# [Your objective]
Using the records that follow, reproduce exactly the lines starting at the line containing "For Honor 300" and ending at the line containing "近10日内国证回购R(480". Include both end lines and no pictures.

# [Provided data]
------------------------------

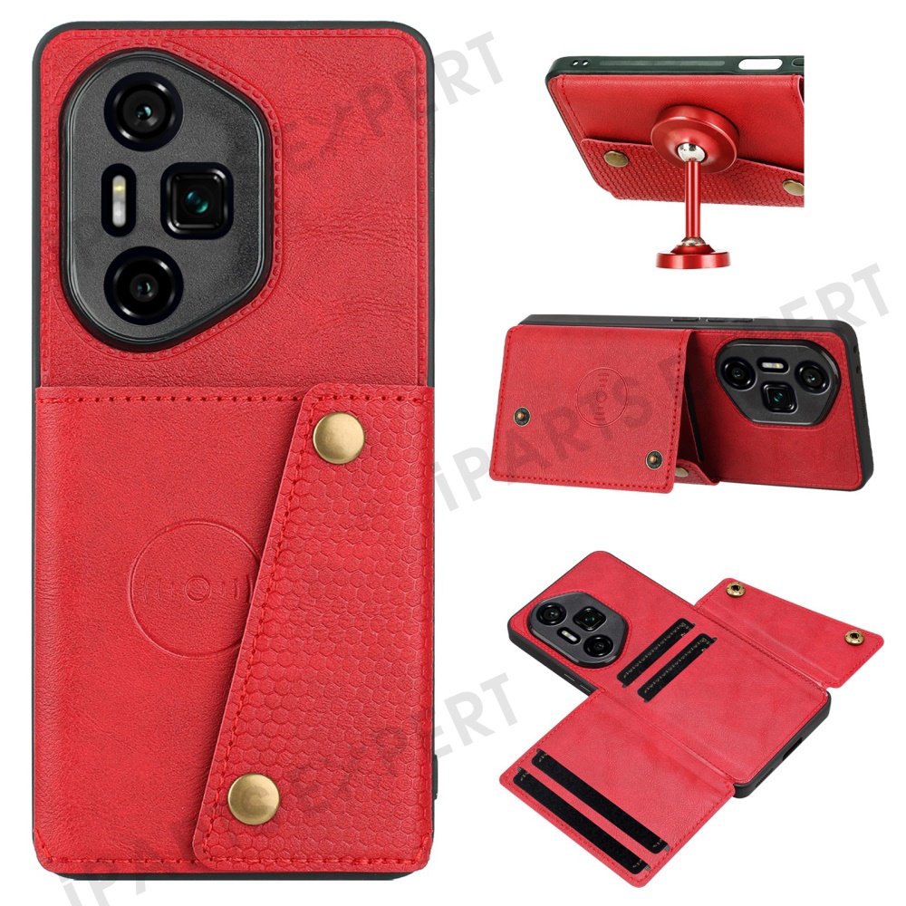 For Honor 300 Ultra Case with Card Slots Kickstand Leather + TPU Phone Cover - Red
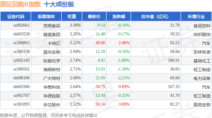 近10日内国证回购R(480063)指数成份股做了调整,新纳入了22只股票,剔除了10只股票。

------------------------------

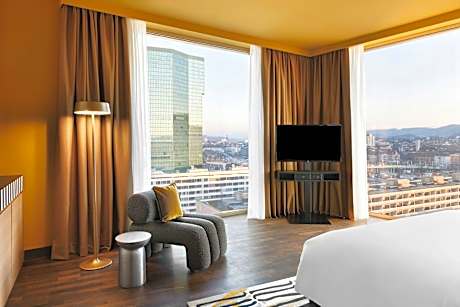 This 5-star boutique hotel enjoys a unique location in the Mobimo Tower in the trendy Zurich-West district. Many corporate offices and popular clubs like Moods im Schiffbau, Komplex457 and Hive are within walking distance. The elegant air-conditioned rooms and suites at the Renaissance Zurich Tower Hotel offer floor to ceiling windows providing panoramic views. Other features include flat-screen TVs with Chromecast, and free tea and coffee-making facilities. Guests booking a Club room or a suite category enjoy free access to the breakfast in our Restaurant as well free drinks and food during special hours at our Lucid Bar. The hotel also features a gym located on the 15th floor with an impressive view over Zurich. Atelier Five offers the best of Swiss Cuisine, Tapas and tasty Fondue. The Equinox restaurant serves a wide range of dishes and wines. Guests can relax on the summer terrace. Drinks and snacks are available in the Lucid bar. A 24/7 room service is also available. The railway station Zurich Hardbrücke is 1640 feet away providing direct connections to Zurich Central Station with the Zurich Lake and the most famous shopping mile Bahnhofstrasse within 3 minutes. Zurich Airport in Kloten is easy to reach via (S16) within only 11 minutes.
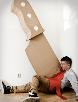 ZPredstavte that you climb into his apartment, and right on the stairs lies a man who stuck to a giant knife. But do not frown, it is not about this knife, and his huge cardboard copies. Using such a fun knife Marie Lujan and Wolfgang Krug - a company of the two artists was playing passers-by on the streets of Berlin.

------------------------------

# [The completed task]
 For Honor 300 Ultra Case with Card Slots Kickstand Leather + TPU Phone Cover - Red
 近10日内国证回购R(480063)指数成份股做了调整,新纳入了22只股票,剔除了10只股票。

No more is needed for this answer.